Q1 2026 earnings summary
6 May, 2026Executive summary
Q1 2026 results showed strong APC segment growth and major $10 million contract wins, but overall revenue declined 5% year-over-year due to FUEL CHEM declines and seasonal factors.
APC backlog doubled to $17 million, the highest since 2018, with a $75–$100 million pipeline and major Midwest utility projects secured.
Net loss widened to $1.4 million ($0.04/share) from $739,000 ($0.02/share) prior year, with operating loss at $1.6 million.
Financial position remains robust with $31 million in cash and investments, $9.1 million in cash and equivalents, and no long-term debt.
Data center-related opportunities and DGI water treatment demos are key near-term growth drivers.
Financial highlights
Q1 2026 consolidated revenue was $6.1 million, down from $6.4 million year-over-year, with gross margin declining to 43% from 46%.
APC revenue rose 23% to $1.6 million; FUEL CHEM revenue fell to $4.5 million from $5.1 million.
Operating loss increased to $1.6 million from $952,000; net loss was $1.4 million ($0.04/share) vs. $739,000 ($0.02/share) prior year.
Adjusted EBITDA loss was $1.3 million, up from $735,000.

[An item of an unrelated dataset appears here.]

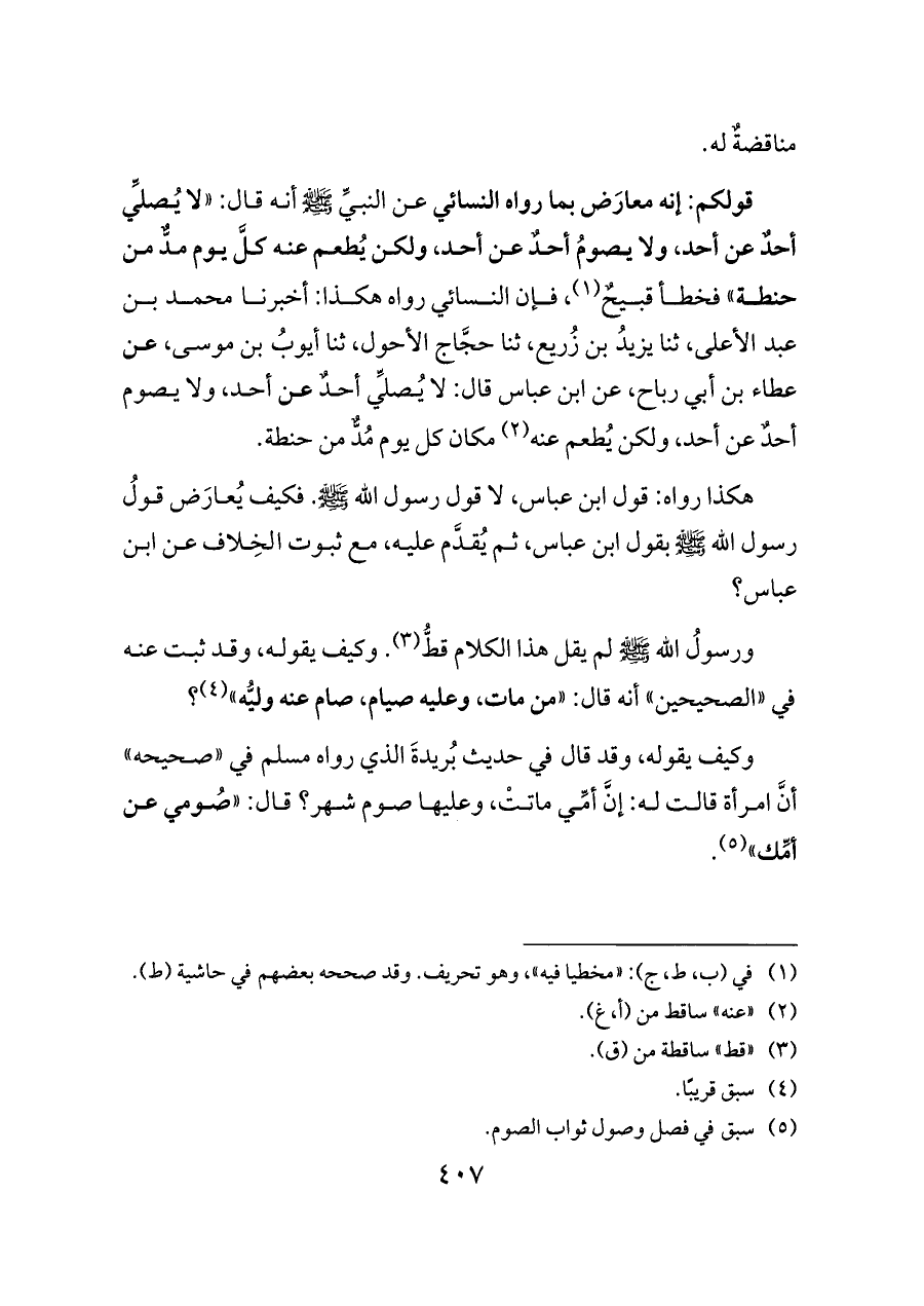 قولكم: إنه معارَض بما رواه النسائي عن النبيِّ - صلى الله عليه وسلم - أنه قال: «لا يُصلِّي أحدٌ عن أحد، ولا يصومُ أحدٌ عن أحد، ولكن يُطعم عنه كلَّ يوم مدٌّ من حنطة» فخطأ قبيحٌ (¬١)، فإن النسائي رواه هكذا: أخبرنا محمد بن عبد الأعلى، ثنا يزيدُ بن زُريع، ثنا حجَّاج الأحول، ثنا أيوبُ بن موسى، عن عطاء بن أبي رباح، عن ابن عباس قال: لا يُصلِّي أحدٌ عن أحد، ولا يصوم أحدٌ عن أحد، ولكن يُطعم عنه (¬٢) مكان كل يوم مُدٌّ من حنطة.

Cash and cash equivalents at March 31, 2026 were $9.1 million; total investments (short- and long-term) were $21.5 million.
Outlook and guidance
2026 revenue is expected to exceed 2025, with FUEL CHEM flat and APC segment outperforming prior year.
Most new APC contract revenue will be recognized in 2027; data center awards would be incremental.
SG&A expenses projected at $14–$15 million for 2026, with cost control efforts ongoing.
Sufficient cash and working capital are expected to fund operations for at least the next 12 months.
DGI division's fish hatchery demonstration is progressing and will conclude in Q2 2026.